Bogus pesticides funding human trafficking and terrorism

ORGANISED criminal gangs are pocketing billions of pounds each year selling bogus pesticides into Europe.

Speaking at the launch of Watch Out, a new campaign to raise awareness of illegal pesticides, European Crop Protection Association (ECPA) counterfeit expert David Stuart said criminals were mainly producing the products in China and shipping materials to Russia where they are packaged and distributed.

Patrick Goldsworthy of the Voluntary Initiative (VI) which is spearheading the campaign with support from the NFU, CPA, AIC, Red Tractor and Thames Valley Police, said 7 to 10 per cent of products sold in Europe are illegal.

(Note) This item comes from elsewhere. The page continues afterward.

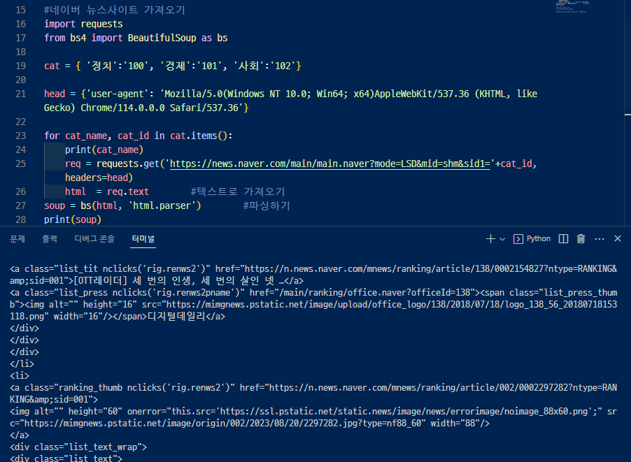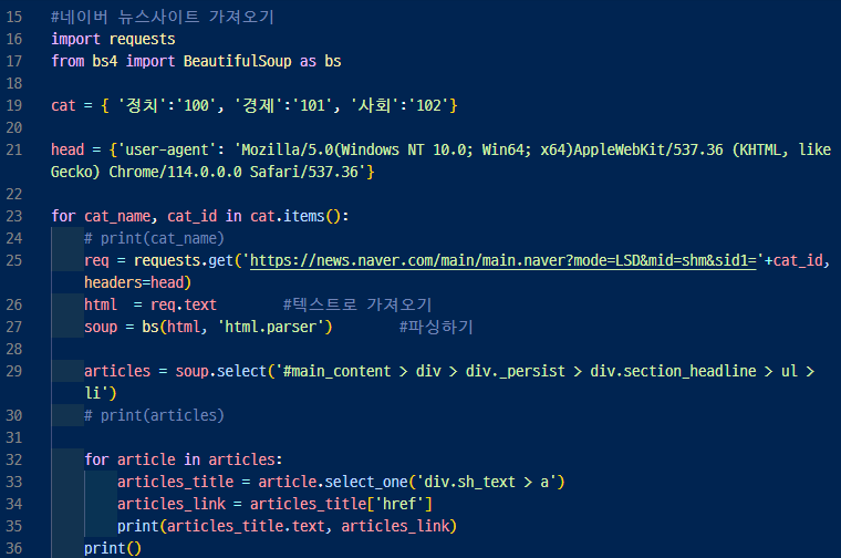 ▼ 정치,경제,사회면도 가져오기 위해서 주소 뒤에 바뀌는값을 딕셔너리로 만들어주고 for문을 써서 불러온다

He said farmers unwittingly using them could pose a massive risk to human health, their crops and the environment.

“It is sickening to think people’s hard work is being damaged by sick people who wish to make money in an illegal way.

“Ultimately gangs are making money from this activity to fund human trafficking and international terrorism.”

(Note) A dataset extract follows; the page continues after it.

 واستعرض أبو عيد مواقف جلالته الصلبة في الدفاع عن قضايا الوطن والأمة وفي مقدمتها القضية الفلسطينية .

Former Farming Minister Jeff Rooker said gangs were spending increasing amounts of money on ‘quality’ chemists, enabling them to cash in on European markets, with the majority of products ending up in the Ukraine, Poland and the Balkans.

Mr Goldsworthy said although only 1 per cent had found their way into the UK market, illegal pesticides were a growing threat and if used would put livelihoods at risk.

Farmers and buying groups are being urged to be extra vigilant when buying pesticides and if suspicious, call the Defra helpline.

VI chairman Richard Butler added: “It is really sad that farmers now have to be aware of the danger posed by unscrupulous professional counterfeiters who want to undermine the professionalism and competence of UK farmers and sprayer operators.”

Thames Valley Police are currently investigating the distribution and use of illegal pesticides, including counterfeits, across Oxfordshire, Buckinghamshire and Berkshire as part of Operation Silo.

Farmers, operators and agronomists are being urged to help guard against these illegal pesticides and are advised to:

  • Buy only known and reputable pesticides from known and reputable suppliers.
  • Check that packaging is professional, tamper proof and securely sealed and it has a full label written in English.
  • Check the product on the invoice and delivery note matches the product ordered and delivered.
  • Check that the product looks as expected.
  • Report suspicious products and suppliers to the Defra helpline – 08459 33 55 77 (calls charged at a local rate).